Key Factors to Consider
The following summarizes the key factors considered by management in the review of our financial condition and operating performance for the third quarter of 2013 and the outlook for the remainder of 2013.
- •
- In April 2013, we sold 95% of our Wolfberry oil and gas reserves, leasehold interests and facilities located in Andrews County, Texas for $215.2 million, subject to customary closing adjustments, with $25.9 million remaining in escrow pending resolution of certain title requirements that we believe will be cured.
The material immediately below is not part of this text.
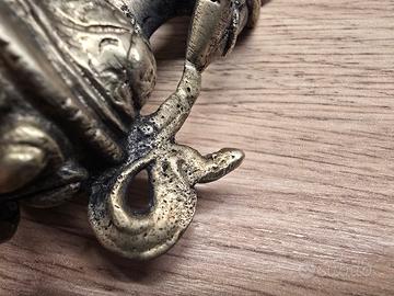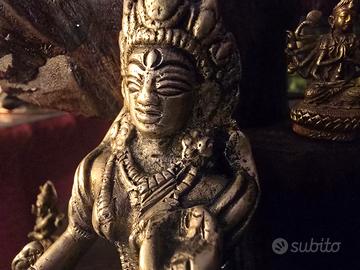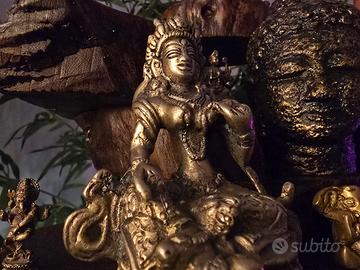 🧞♂️Al fine di venirvi incontro con il miglior prezzo possibile vi invito a dare un'occhiata anche agli altri articoli che ho attualmente in vendita. Splendida ed autentica raffigurazione di Tara Verde, realizzata con la tradizionale tecnica della fusione a cera persa tipica delle aree himalayane. La statua si presenta con una patina magnetica e una bellissima porosità della materia che ne attesta la lavorazione artigianale e non industriale. Il vero cuore di quest'opera è il suo fondello: una lastra in ottone battuta a mano e sigillata, che custodisce al suo interno i mantra di consacrazione. Questo dettaglio la rende una statua benedetta, un oggetto rituale "vivo" che porta con sé un'energia di protezione e pace. Le mani, poste nei mudra della generosità e dell'insegnamento, insieme ai drappeggi fluttuanti del vestito, donano alla figura una grazia straordinaria. Le dimensioni contenute (10 cm di altezza) sono un punto di forza eccezionale: oltre a impreziosire qualsiasi angolo della casa o un piccolo altare, permettono a chi la possiede di portarla agevolmente con sé. È la compagna ideale per chi viaggia o desidera avere un simbolo spirituale sempre a portata di mano, senza rinunciare alla qualità di una fusione artistica di pregio. Un oggetto dal design raffinato che fonde storia, arte e spiritualità in un unico pezzo da collezione. Dimensioni: 10 x 8 x 5 cm Peso: 323 grammi Consegna: Disponibile per consegna a mano a Reggio Emilia o spedizione sicura con TuttoSubito.
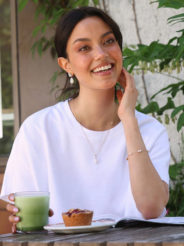 Pearls aren’t just for formal occasions! Pair the Zeta Drops with a plain white-t, a crisp white button-down, or even your favorite denim jacket. Or pair the Anika Ring with your favorite sleeveless sweater for a fun look. This balance of casual and classic creates a fresh, modern aesthetic that’s perfect for brunch or running errands in style.

As a result, reported oil and gas production, revenues and operating costs for the quarter and nine months ended September 30, 2013 are not comparable to reported amounts for periods in 2012.
- •
- Our oil and gas sales, excluding amortized deferred revenues, increased $2.7 million, or 3%, from the third quarter 2012. Price variances accounted for a $13.3 million increase and production variances accounted for a $10.6 million decrease. Average realized oil prices were $103.75 per barrel in the third quarter of 2013 versus $89.48 per barrel in the third quarter 2012, and average realized gas prices were $3.49 per Mcf in 2013 versus $3.29 per Mcf in 2012. In addition, oil and gas sales for the third quarter of 2013 includes $2.2 million of amortized deferred revenue attributable to the volumetric production payment ("VPP") versus $2.5 million for the third quarter of 2012. Reported production and related average realized sales prices exclude volumes associated with the VPP.
- •
- Our oil, gas and natural gas liquids ("NGL") production per barrel of oil equivalent ("BOE") declined 12% compared to the third quarter 2012, with oil production decreasing 10% to 9,674 barrels per day, gas production decreasing 24% to 16,598 Mcf per day and NGL production increasing 9% to 1,359 barrels per day. Oil and NGL production accounted for approximately 80% of our total BOE production in the third quarter of 2013 versus 77% in the third quarter of 2012. Prior to 2013, certain purchasers of our casinghead gas accounted for the value of extracted NGL in the price paid for gas production at the wellhead. During the quarter ended March 31, 2013, we began reporting these products separately, when possible, resulting in a reduction in natural gas volumes and an increase in extracted NGL volumes. Periods for 2012 have not been adjusted to conform to the 2013 presentation.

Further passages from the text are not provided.